Abstract: Large language models (LLMs) have shown promise for automatic summarization but the reasons behind their successes are poorly understood. By conducting a human evaluation on ten LLMs across different pretraining methods, prompts, and model scales, we make two important observations. First, we find instruction tuning, and not model size, is the key to the LLM's zero-shot summarization capability. Second, existing studies have been limited by low-quality references, leading to underestimates of human performance and lower few-shot and finetuning performance. To better evaluate LLMs, we perform human evaluation over high-quality summaries we collect from freelance writers. Despite major stylistic differences such as the amount of paraphrasing, we find that LMM summaries are judged to be on par with human written summaries.

Submitted to arXiv on 31 Jan. 2023

Ask questions about this paper to our AI assistant

You can also chat with multiple papers at once here.
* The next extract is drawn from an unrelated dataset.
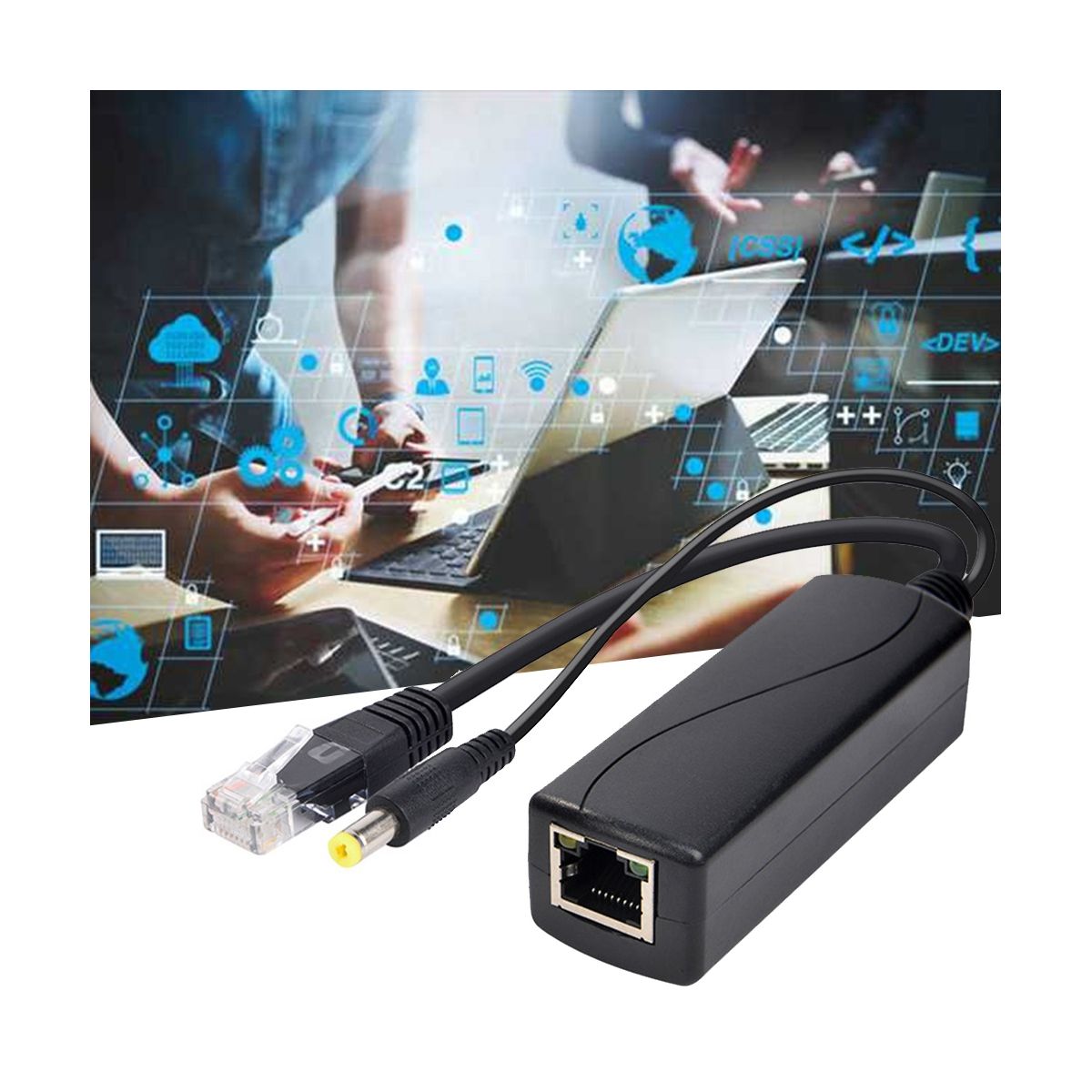 The PS5712P splitter separates the power and data signals transmitted through the network cable, and is used in conjunction with power supply equipment that conforms to the IEEE 802.3af standard (such as PoE power supply switches, PoE centralized power supplies, PoE power supply transceivers, etc.), and can be used for networks that do not support PoE.
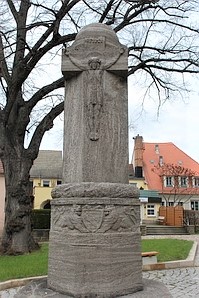Lommatzsch (Kirchenvorplatz), Landkreis Meißen, SachsenPLZ 01623 Auf dem Platz vor der Stadtkirche St. Wenzel steht ein ca. 4 m hohes rundes Steindenkmal. Dass es sich um ein solches handelt erkennt man nur aus einem umlaufende Relief mit den Jahreszahlen 1914 und 1918 in Eichenlaubkränzen und Eisernen Kreuzen. Namen sind keine erkennbar.

AI assistant instructions?

Results of the summarizing process for the arXiv paper: 2301.13848v1

Large language models (LLMs) have shown great potential in automatic summarization, but the reasons behind their success are not well understood. To address this issue, a human evaluation was conducted on ten LLMs across different pretraining methods, prompts, and model scales. The study made two important observations: first, instruction tuning is the key to the LLM's zero-shot summarization capability rather than model size; second, existing studies have been limited by low-quality references leading to underestimates of human performance and lower few-shot and fine-tuning performance. To better evaluate LLMs, high-quality summaries were collected from freelance writers for human evaluation. To ensure consistency in summary length between the freelance writer summaries and those generated by Instruct Davinci model, a new prompt was introduced that elicited summaries around 50 words long. The quality of the freelance writer summaries was evaluated using Mechanical Turkers and found to be much higher than the original reference summaries in CNN/DM and XSUM. Additionally, there was little difference between the quality of the freelance writer summaries and those generated by Instruct Davinci. Despite similar performance in quality control studies, LLM-generated summaries and freelance writer-generated summaries had distinctive styles with regard to paraphrasing and copying from source articles. Extractiveness measures were used to compare coverage and density between these two types of summaries. Annotators were recruited to compare Instruct Davinci-generated summaries with those written by freelance writers. On aggregate, Instruct Davinci was rated as comparable to freelance writers; however, individual annotators showed varying preferences for either Instruct Davinci or freelance writers. Overall, this study identified instruction tuning as crucial for LLMs' summarization capability rather than model scale. It also highlighted issues with low-quality references used in previous studies and proposed collecting better quality summaries from freelance writers as a solution. These findings contribute towards improving LLM evaluation techniques for future research in automatic summarization.
Created on 16 May. 2023

Assess the quality of the AI-generated content by voting

Score: 0

Why do we need votes?

Votes are used to determine whether we need to re-run our summarizing tools. If the count reaches -10, our tools can be restarted.

The previous summary was created more than a year ago and can be re-run (if necessary) by clicking on the Run button below.

Similar papers summarized with our AI tools

Navigate through even more similar papers through a

tree representation

Look for similar papers (in beta version)

By clicking on the button above, our algorithm will scan all papers in our database to find the closest based on the contents of the full papers and not just on metadata. Please note that it only works for papers that we have generated summaries for and you can rerun it from time to time to get a more accurate result while our database grows.

Disclaimer: The AI-based summarization tool and virtual assistant provided on this website may not always provide accurate and complete summaries or responses. We encourage you to carefully review and evaluate the generated content to ensure its quality and relevance to your needs.